To evaluate whether isoforms and genes were sufficiently identified in the sequencing, we conducted rarefaction analysis for multiple categories. The conducted analysis for each gene and isoform revealed that the gene rarefaction curves reached saturation across all samples, while rarefaction curves for isoforms approached saturation. Specifically, rarefaction curves for known isoforms achieved saturation, and those delineating known or novel genes showed a tendency towards saturation. Furthermore, rarefaction curves corresponding to isoforms within each categorized group likewise exhibited trends towards saturation.

Analysis of coding or non-coding isoforms

To assess the divergence between coding and non-coding isoforms within our Iso-Seq transcriptomic dataset, we commenced by analyzing their expression levels. It was observed that coding isoforms exhibited a significantly lower abundance compared to non-coding isoforms across all samples (ANOVA, P < 0.05) (Fig. 2a). Subsequently, these isoforms were categorized into “known” or “novel,” revealing a predominance of novel isoforms within both coding and non-coding categories (Fig. 2b). Further analysis was conducted on the classification and locational distribution of novel non-coding isoforms, which showed a majority classified as NNC and predominantly sense isoforms (Fig. 2c). In an additional comparison between the number of exons and the length of isoforms, it was found that the distribution of exon number and isoform length exhibited a parallel pattern among novel coding and known coding isoforms, as well as between novel non-coding and known non-coding isoforms (Fig. 2d). Furthermore, the distribution of these isoforms was noted to be uniform across all chromosomes (Fig. 2e).

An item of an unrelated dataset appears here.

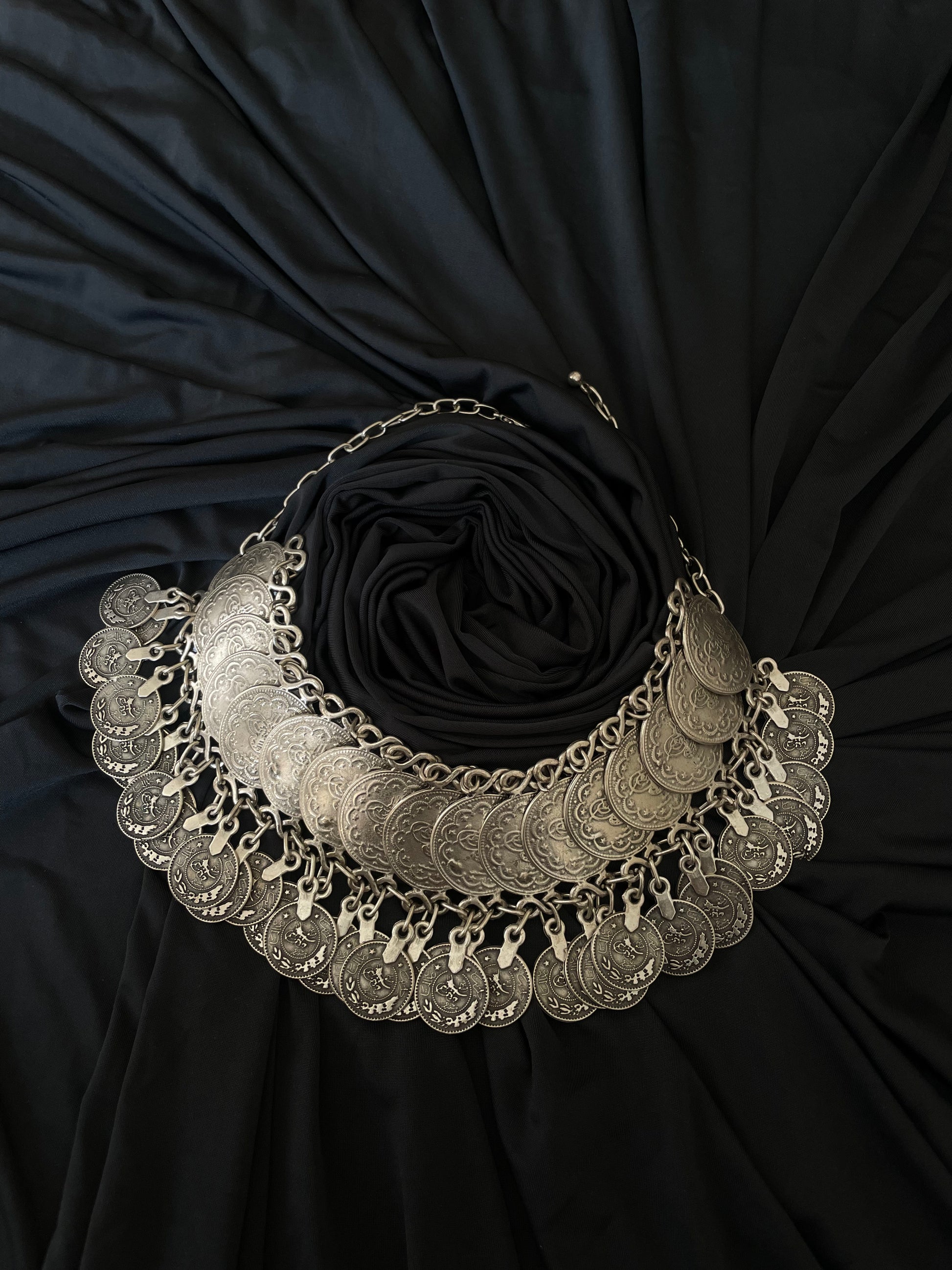 Make a bold statement with this handcrafted in Istanbul necklace, inspired by historical Turkish craftsmanship. Featuring a layered chain design with intricately engraved coin pendants, this piece embodies tradition, power, and timeless elegance.
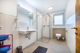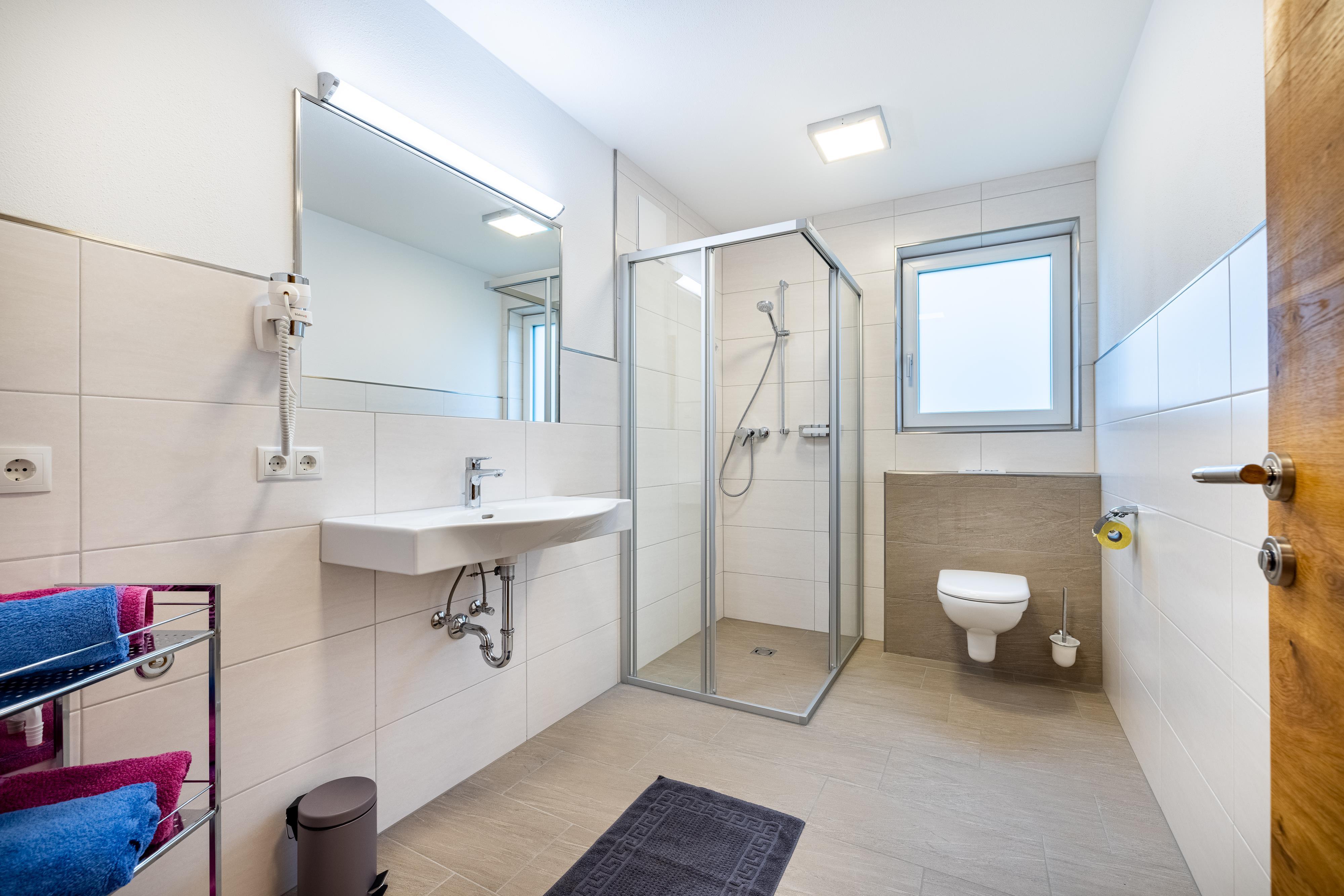 • 1 Badezimmer mit Waschbecken, WC, Dusche, Handtuchtrockner und Haarföhn

Analysis of paired-end sequencing data

A total of 533.61 Gb of clean reads were generated using the DNBSEQ-T7 platform. The mean TIN (Transcript Integrity Number) score was 84.85, with a median score ranging from 74.2 to 86.98. In excess of 73.8% of sequencing reads were mapped to genes (Fig. 3a), with a predominant localization within exonic regions compared to a lesser extent in intronic regions (Fig. 3b). This distribution pattern signifies the procurement of high-quality RNA-sequencing data from the five porcine tissue samples analyzed.

To facilitate a nuanced examination of the similarities and variances among samples, we employed the principal component analysis (PCA) based on normalized gene expression. The analysis revealed that the primary and secondary principal components (PCs), accounting for 52.7% and 26.9% of the explained variance, respectively, markedly differentiated between heart, kidney, liver, and other tissue types. Further, the tertiary PC, elucidating an additional 4.8% of the variance, distinctly segregated lung and spleen tissues (Fig. 3c). The utilization of the Jaccard pairwise similarity coefficient for sample clustering demonstrated that five tissues could be clustered separately, with the Jaccard pairwise similarity coefficient between the same tissue was greater than 0.9 (Fig. 3d). Moreover, an investigation into the correlation between Iso-Seq and RNA-Seq expressions across samples unveiled a robust association, with Pearson correlation coefficients ranging between 0.45 to 0.72. This strong correlation further substantiates the reliability and accuracy of the sequencing data and analytic methodologies employed in this study.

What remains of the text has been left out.